▶ **Directions**: Leaving out the pictures, return word for word the stretch of entries below from the line holding "цвет МИКС, безразмерное" through the line holding "Висококачествена 4-слойна конструкция".

============

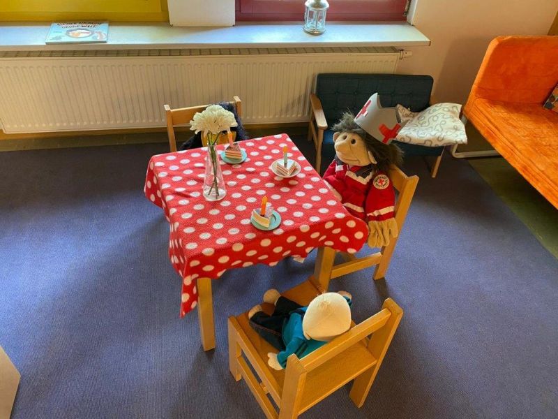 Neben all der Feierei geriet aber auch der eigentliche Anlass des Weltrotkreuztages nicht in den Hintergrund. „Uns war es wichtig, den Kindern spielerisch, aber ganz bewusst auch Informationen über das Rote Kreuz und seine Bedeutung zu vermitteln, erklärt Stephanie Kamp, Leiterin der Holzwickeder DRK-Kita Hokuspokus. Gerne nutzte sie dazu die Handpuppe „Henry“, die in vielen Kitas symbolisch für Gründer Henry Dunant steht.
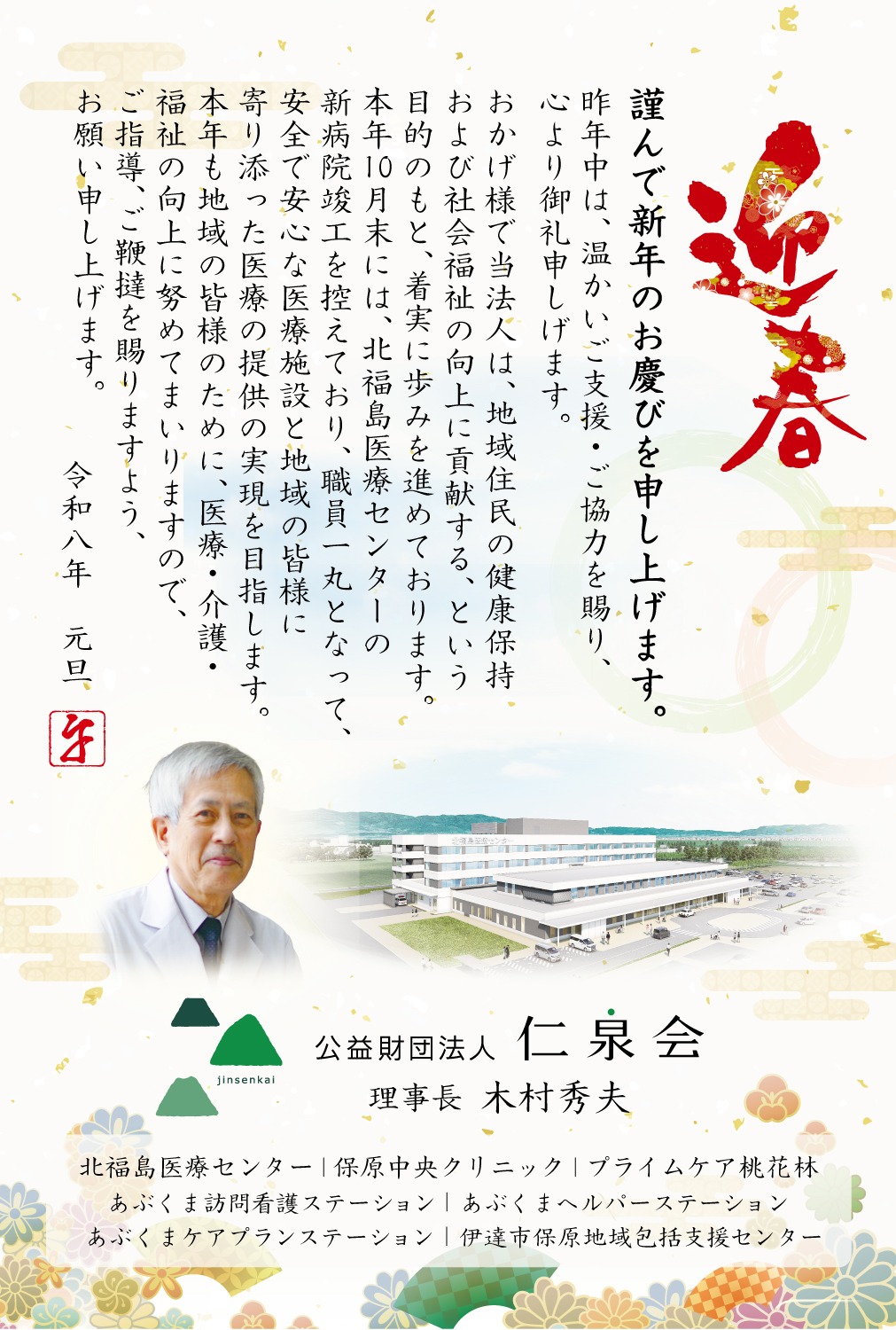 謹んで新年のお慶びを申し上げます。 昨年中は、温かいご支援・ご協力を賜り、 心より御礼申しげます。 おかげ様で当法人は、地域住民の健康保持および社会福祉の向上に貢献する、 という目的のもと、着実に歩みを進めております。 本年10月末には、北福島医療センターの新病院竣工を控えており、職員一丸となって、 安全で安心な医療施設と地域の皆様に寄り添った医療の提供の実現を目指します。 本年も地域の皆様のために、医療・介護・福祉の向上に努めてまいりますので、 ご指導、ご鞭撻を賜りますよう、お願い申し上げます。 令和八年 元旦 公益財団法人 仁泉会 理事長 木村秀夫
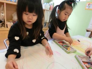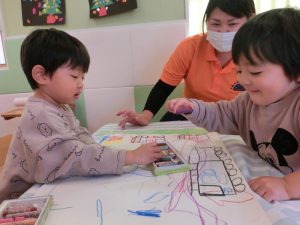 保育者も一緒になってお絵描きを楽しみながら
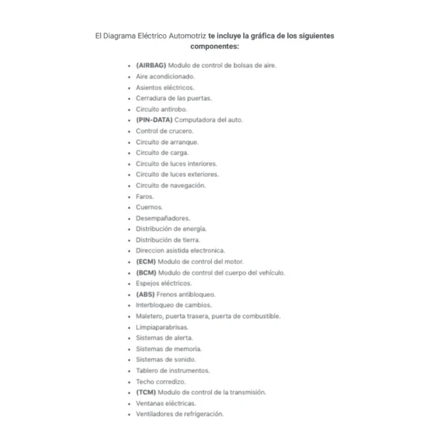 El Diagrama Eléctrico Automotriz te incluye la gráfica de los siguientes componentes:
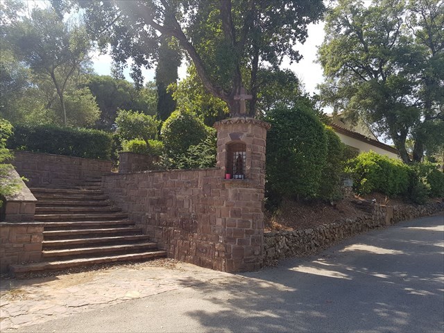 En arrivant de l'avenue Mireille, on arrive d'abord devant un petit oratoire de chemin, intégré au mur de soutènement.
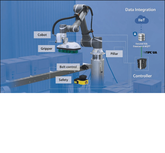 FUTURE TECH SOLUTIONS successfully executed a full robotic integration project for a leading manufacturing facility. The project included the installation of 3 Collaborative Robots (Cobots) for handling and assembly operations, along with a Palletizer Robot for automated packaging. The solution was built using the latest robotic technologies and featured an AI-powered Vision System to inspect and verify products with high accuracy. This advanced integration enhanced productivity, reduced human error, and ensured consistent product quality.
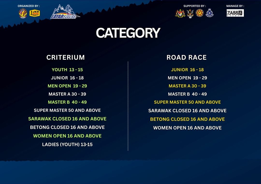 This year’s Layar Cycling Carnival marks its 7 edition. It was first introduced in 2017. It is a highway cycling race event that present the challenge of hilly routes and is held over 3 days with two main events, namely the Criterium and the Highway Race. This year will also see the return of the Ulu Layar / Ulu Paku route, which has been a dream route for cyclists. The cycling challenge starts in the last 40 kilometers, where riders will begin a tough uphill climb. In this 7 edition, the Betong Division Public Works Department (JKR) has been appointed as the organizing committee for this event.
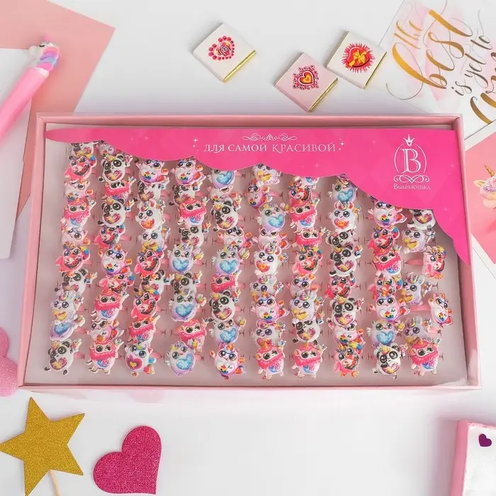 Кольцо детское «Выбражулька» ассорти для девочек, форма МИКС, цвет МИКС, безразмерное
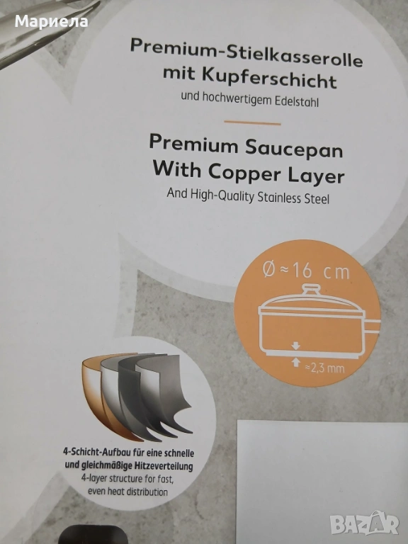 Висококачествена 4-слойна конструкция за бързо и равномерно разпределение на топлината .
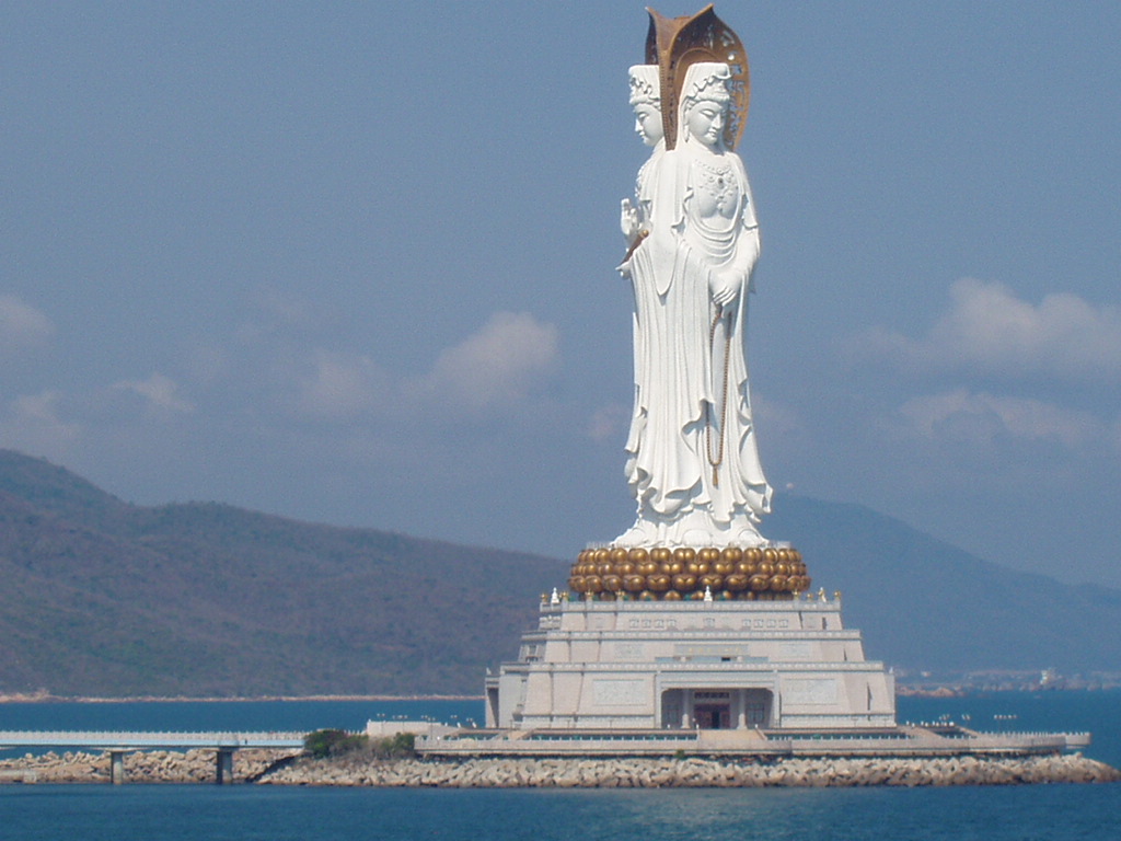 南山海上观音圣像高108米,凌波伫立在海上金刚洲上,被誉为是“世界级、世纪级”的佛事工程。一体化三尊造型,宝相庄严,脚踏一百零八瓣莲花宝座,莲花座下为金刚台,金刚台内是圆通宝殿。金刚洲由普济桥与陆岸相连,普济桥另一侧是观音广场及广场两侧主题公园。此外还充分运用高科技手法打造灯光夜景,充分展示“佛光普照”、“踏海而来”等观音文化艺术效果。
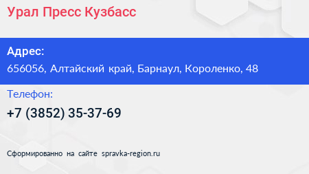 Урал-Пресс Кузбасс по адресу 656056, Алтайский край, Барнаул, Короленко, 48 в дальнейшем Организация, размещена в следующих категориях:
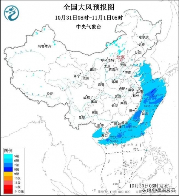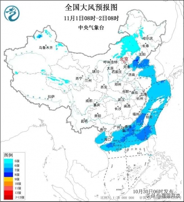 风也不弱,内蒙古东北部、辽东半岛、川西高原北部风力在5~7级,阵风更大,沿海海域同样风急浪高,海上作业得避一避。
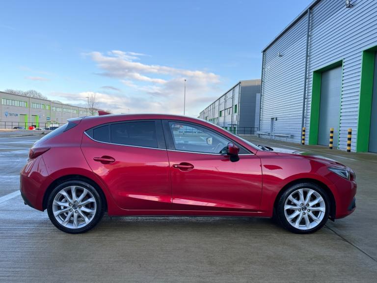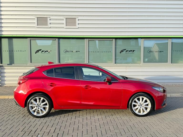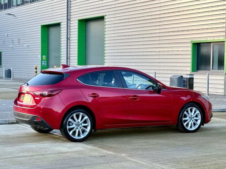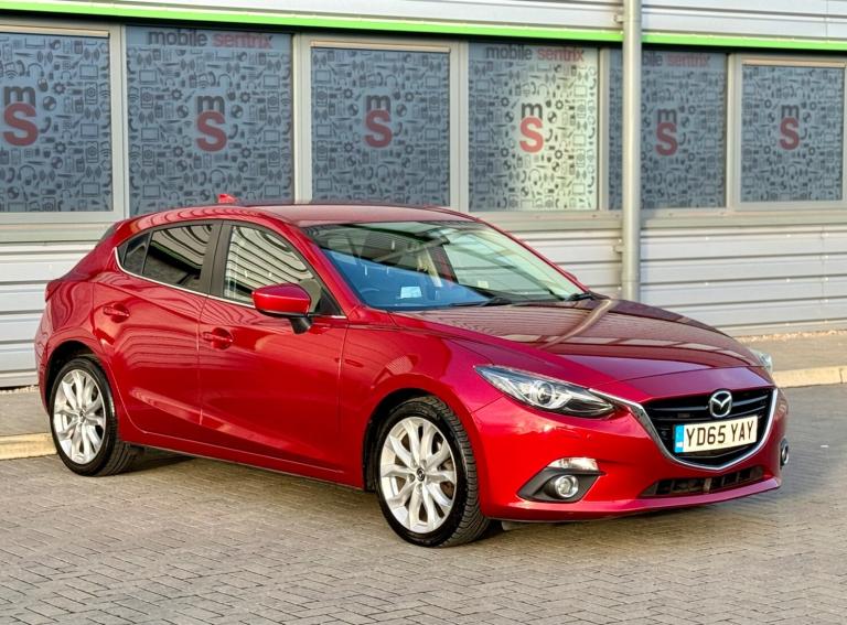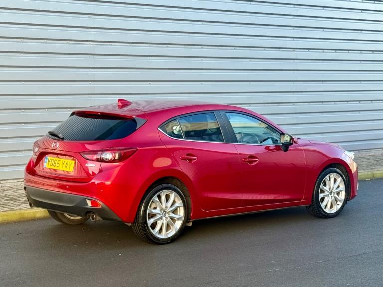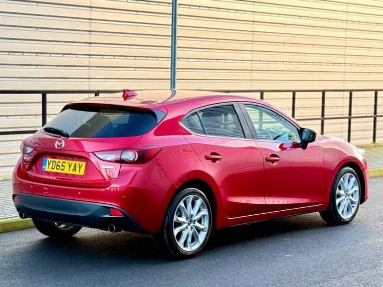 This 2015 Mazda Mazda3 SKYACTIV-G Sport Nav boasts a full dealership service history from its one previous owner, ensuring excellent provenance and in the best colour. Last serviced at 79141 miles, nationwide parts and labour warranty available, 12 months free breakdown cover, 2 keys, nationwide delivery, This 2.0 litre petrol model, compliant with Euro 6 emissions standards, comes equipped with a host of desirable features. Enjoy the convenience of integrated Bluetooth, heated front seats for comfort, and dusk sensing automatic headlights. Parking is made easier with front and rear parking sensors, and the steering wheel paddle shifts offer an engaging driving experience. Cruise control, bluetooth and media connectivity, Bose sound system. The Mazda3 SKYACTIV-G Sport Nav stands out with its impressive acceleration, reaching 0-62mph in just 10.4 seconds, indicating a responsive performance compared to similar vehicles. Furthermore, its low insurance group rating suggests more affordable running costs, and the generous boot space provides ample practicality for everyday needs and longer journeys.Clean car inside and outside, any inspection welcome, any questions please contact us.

============

▶ **Answer to the exercise**:
 Кольцо детское «Выбражулька» ассорти для девочек, форма МИКС, цвет МИКС, безразмерное
 Висококачествена 4-слойна конструкция за бързо и равномерно разпределение на топлината .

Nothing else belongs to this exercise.